--- Raw data Enclosed Below ---

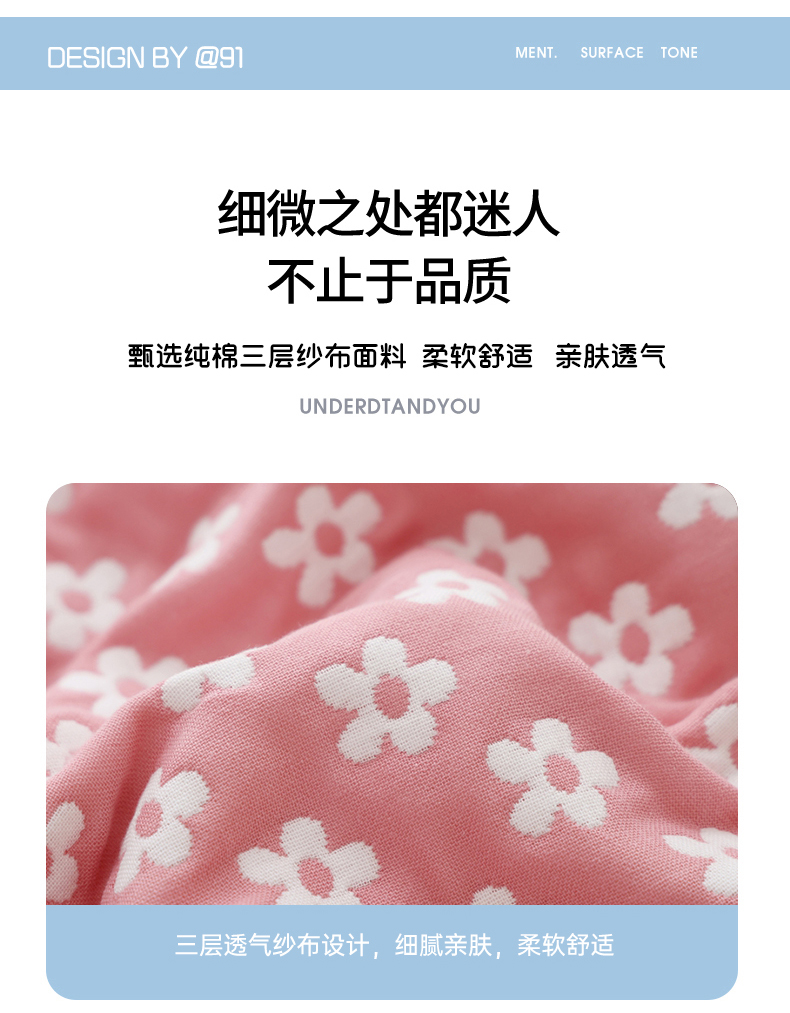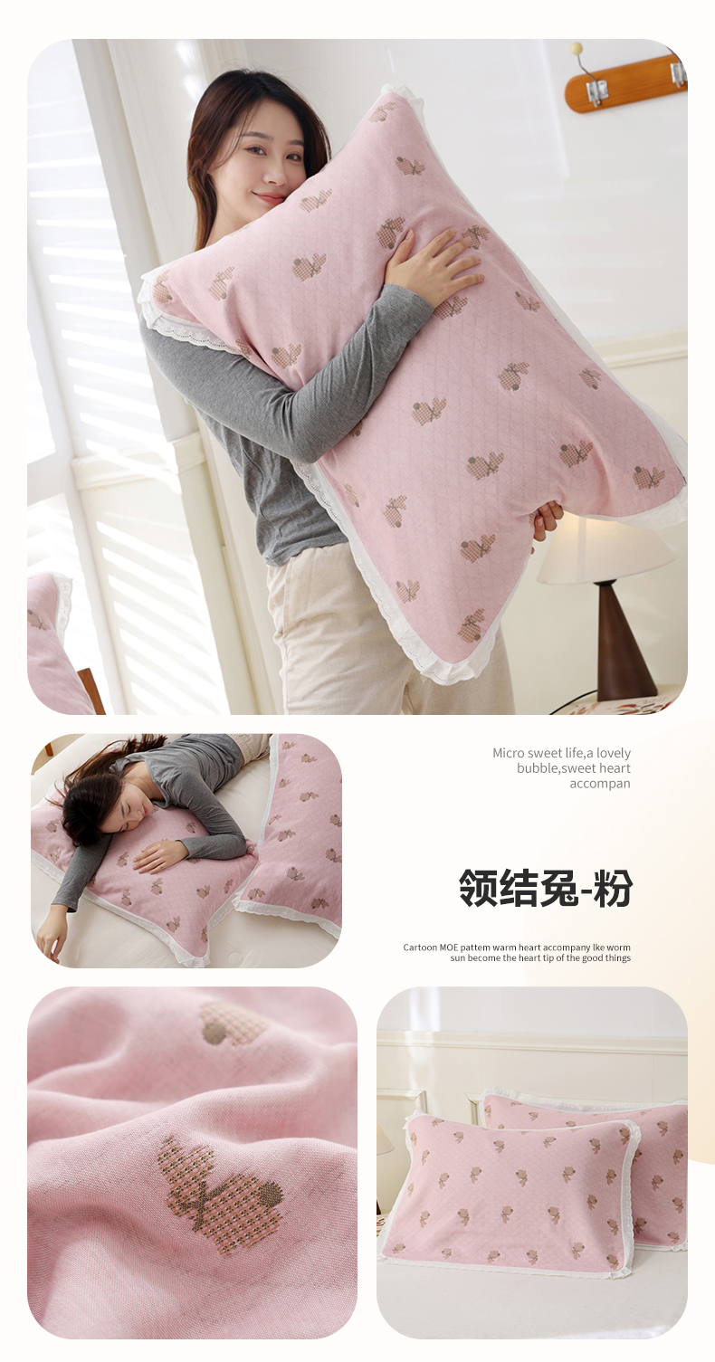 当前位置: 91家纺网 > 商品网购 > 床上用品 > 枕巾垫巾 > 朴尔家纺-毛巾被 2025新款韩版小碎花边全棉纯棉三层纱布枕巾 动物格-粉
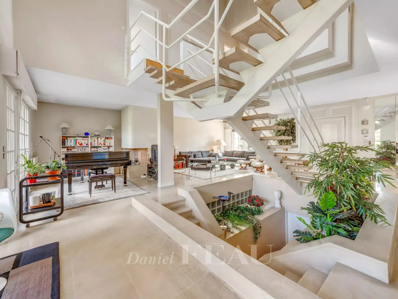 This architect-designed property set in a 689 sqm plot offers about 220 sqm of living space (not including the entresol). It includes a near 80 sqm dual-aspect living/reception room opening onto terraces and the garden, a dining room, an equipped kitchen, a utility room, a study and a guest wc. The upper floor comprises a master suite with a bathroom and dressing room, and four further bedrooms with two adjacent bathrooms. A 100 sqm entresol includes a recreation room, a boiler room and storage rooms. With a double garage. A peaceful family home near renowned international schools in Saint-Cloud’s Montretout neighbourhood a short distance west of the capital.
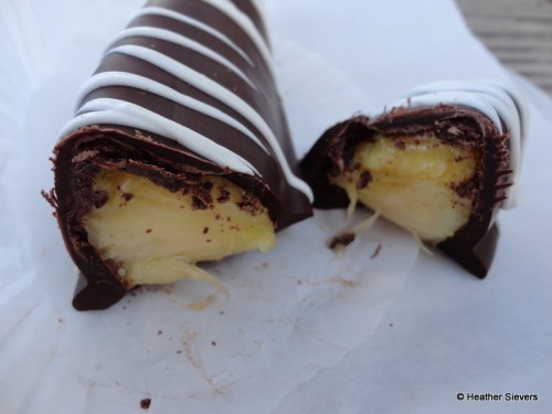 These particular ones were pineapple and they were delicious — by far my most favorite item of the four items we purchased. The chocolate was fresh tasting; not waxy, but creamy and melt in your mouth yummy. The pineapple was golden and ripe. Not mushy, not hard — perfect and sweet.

--- End of Enclosed Raw data ---

__How to complete this task__.
Transcribe the whole of the data exactly, minus any pictures.

__Exercise solution__.
 当前位置: 91家纺网 > 商品网购 > 床上用品 > 枕巾垫巾 > 朴尔家纺-毛巾被 2025新款韩版小碎花边全棉纯棉三层纱布枕巾 动物格-粉
 This architect-designed property set in a 689 sqm plot offers about 220 sqm of living space (not including the entresol). It includes a near 80 sqm dual-aspect living/reception room opening onto terraces and the garden, a dining room, an equipped kitchen, a utility room, a study and a guest wc. The upper floor comprises a master suite with a bathroom and dressing room, and four further bedrooms with two adjacent bathrooms. A 100 sqm entresol includes a recreation room, a boiler room and storage rooms. With a double garage. A peaceful family home near renowned international schools in Saint-Cloud’s Montretout neighbourhood a short distance west of the capital.
 These particular ones were pineapple and they were delicious — by far my most favorite item of the four items we purchased. The chocolate was fresh tasting; not waxy, but creamy and melt in your mouth yummy. The pineapple was golden and ripe. Not mushy, not hard — perfect and sweet.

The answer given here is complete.